■ **Dataset content**
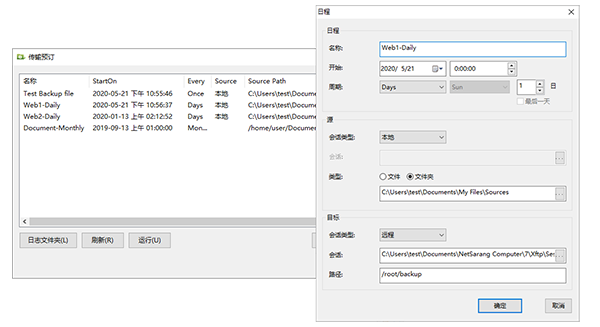 根据用户定义的时间表发送和接收文件。
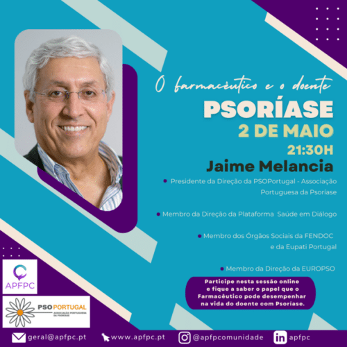 A sessão contará com a presença de Jaime Melancia, presidente da Direção da PSOPortugal – Associação Portuguesa da Psoríase. As inscrições encontram-se abertas aqui.
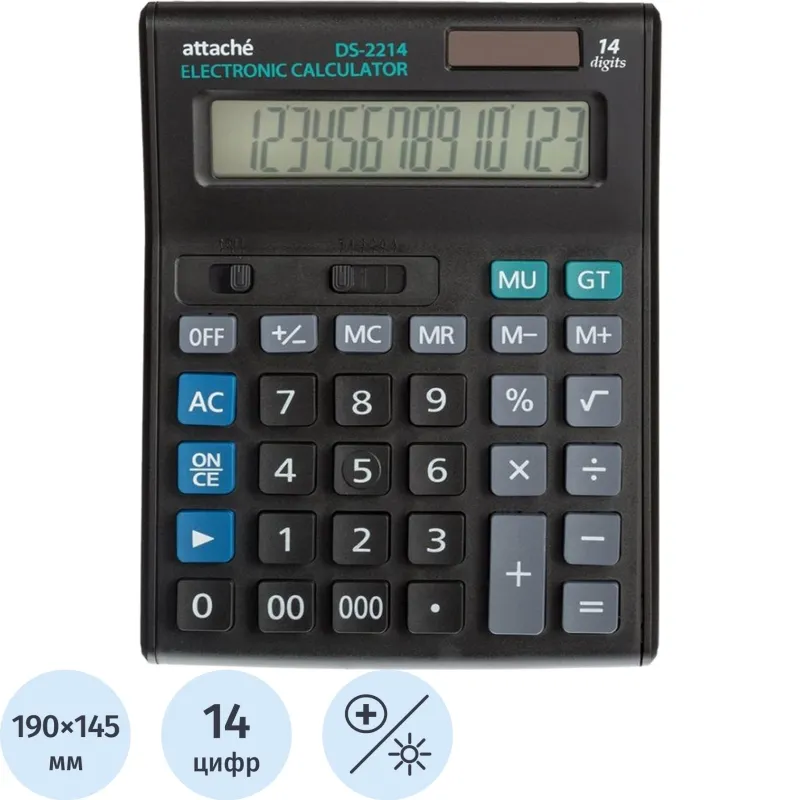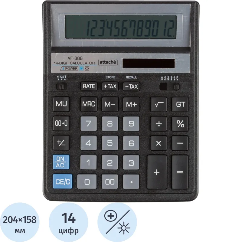 Калькулятор настольный ПОЛНОРАЗМЕРНЫЙ Attache 14 разр., черный
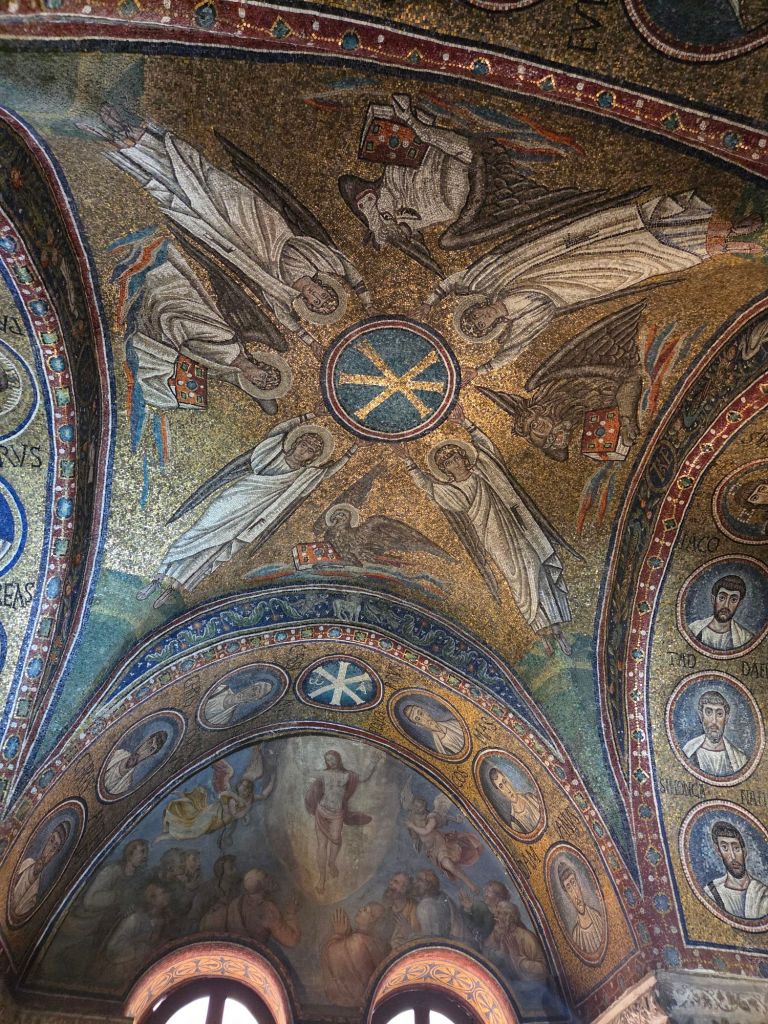 Christ (chi rho in the center medallion) surrounded by the four Evangelists and their symbols. Scattered among the stars are birds signifying resurrection (peacocks) and faithfulness (Egyptian ducks)

■ **Work to be completed**
Leaving out each picture, repeat exactly the lines above from the one that contains "A sessão contará" through the one that contains "Калькулятор настольный ПОЛНОРАЗМЕРНЫЙ".

■ **Result below**
 A sessão contará com a presença de Jaime Melancia, presidente da Direção da PSOPortugal – Associação Portuguesa da Psoríase. As inscrições encontram-se abertas aqui.
 Калькулятор настольный ПОЛНОРАЗМЕРНЫЙ Attache 14 разр., черный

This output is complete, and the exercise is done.